- Exercise brief
Could you print the stretch of lines below from the one with "盟旺咖喱烤全翅烤翅冷冻半成品烤鸡翅商用烧烤油炸小吃1KG约12个" through the one with "Fabric: Embroidered &", exactly as they stand and without any pictures?

※ ※ ※

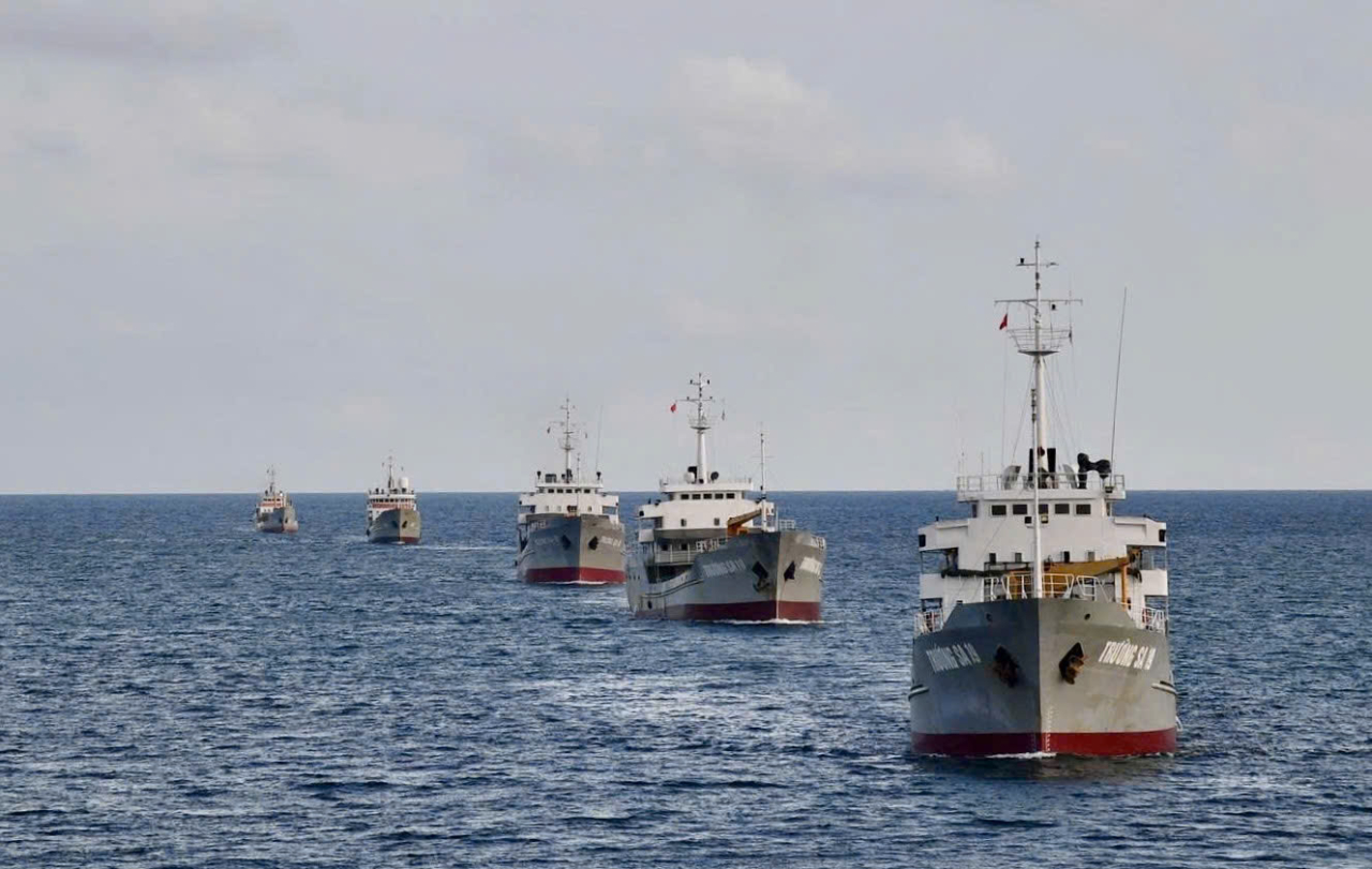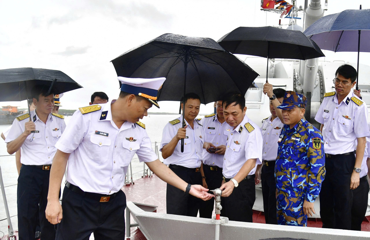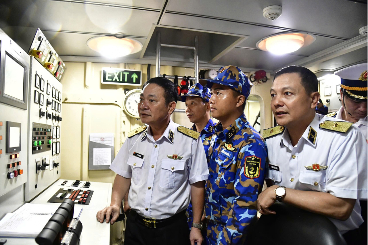 Chuẩn Đô đốc Lê Bá Quân kiểm tra trên tàu của Lữ đoàn 167
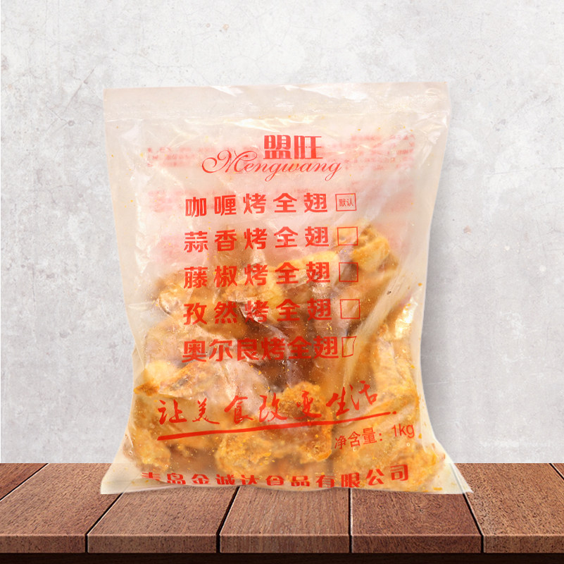 盟旺咖喱烤全翅烤翅冷冻半成品烤鸡翅商用烧烤油炸小吃1KG约12个
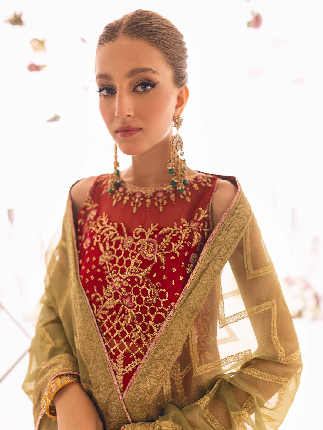 Fabric: Embroidered & Sequinned Chiffon for Front Yoke Embroidered & Sequinned Chiffon for Back Yoke Embroidered & Sequinned Chiffon Front Embroidered & Sequinned Chiffon Back Embroidered & Sequinned Chiffon Sleeves Embroidered & Sequinned Front & Back Daman Border on Organza Jaquard Organza Dupatta Cotton Silk for Under Shirt Raw Silk Dyed Trouser |
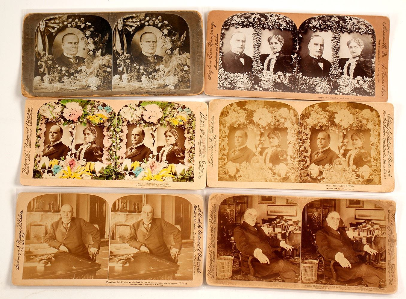 Lot of 6 different of the 25th president. Four Underwood & Underwood: two of McKinley at desk in White House, c.1898 and c.1900, and two portrait style showing McKinley and his wife, one hand-colored, c.1890s. One Keystone view 2474 of the President and Mrs. McKinley. And one Universal Photo Art Co. portrait entitled "Our Martyred President." McKinley was shot at the 1901 Pan. American Exposition in Buffalo, New York and died from his wounds 8 days later. He had just begun his second term. (Prag Collection) Date: Location: HWAC# 54791
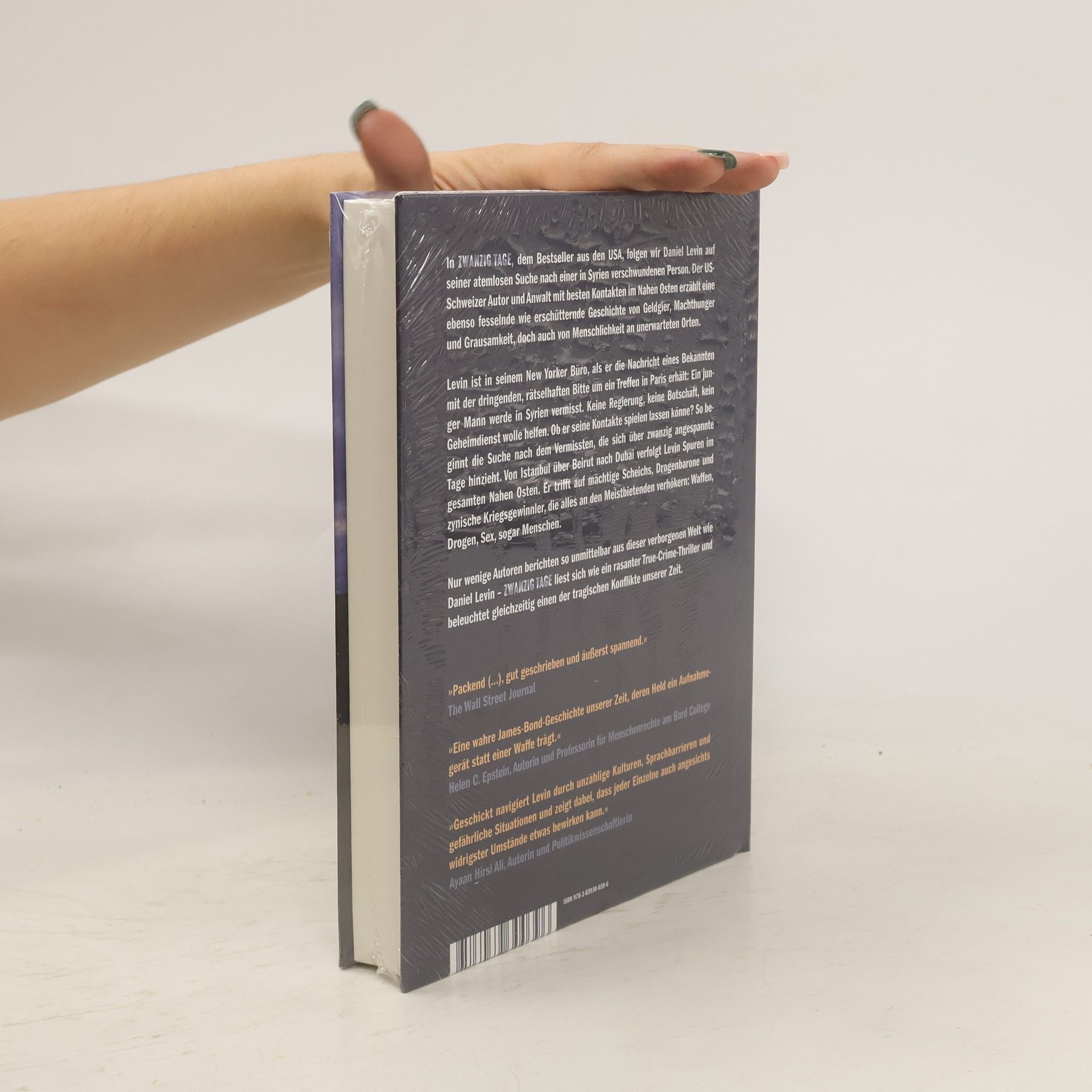 In »Zwanzig Tage«, dem Bestseller aus den USA, folgt man Daniel Levin in atemlosen 20 Tagen auf der Suche nach einer in Syrien verschwundenen Person. Der Autor und Jurist mit besten Kontakten im Mittleren Osten erzählt eine schockierend wahre und hochaktuelle Geschichte von Bösartigkeit, Gier und Machthunger, aber auch von Menschlichkeit an unerwarteten Orten. tief ein in eine dunkle Welt, zu der nur wenige Zutritt haben. Eine Untergrund-Kriegindustrie in der alles käuflich ist: Waffen, Drogen, sogar Menschen. Er präsentiert eine faszinierende Studie darüber, wie Menschen Gefallen tun, um – auch Jahre später – Gegengefallen einzufordern und wie man mittels Hebelwirkung bekommt, was man will. »Zwanzig Tage« ist eine als rasanter Thriller verpackte True Crime Story. Und ein Muss für alle, die am Nahen Osten, an International Affairs und an Machtdynamiken interessiert sind.

※ ※ ※

- Result for this exercise
 盟旺咖喱烤全翅烤翅冷冻半成品烤鸡翅商用烧烤油炸小吃1KG约12个
 Fabric: Embroidered & Sequinned Chiffon for Front Yoke Embroidered & Sequinned Chiffon for Back Yoke Embroidered & Sequinned Chiffon Front Embroidered & Sequinned Chiffon Back Embroidered & Sequinned Chiffon Sleeves Embroidered & Sequinned Front & Back Daman Border on Organza Jaquard Organza Dupatta Cotton Silk for Under Shirt Raw Silk Dyed Trouser |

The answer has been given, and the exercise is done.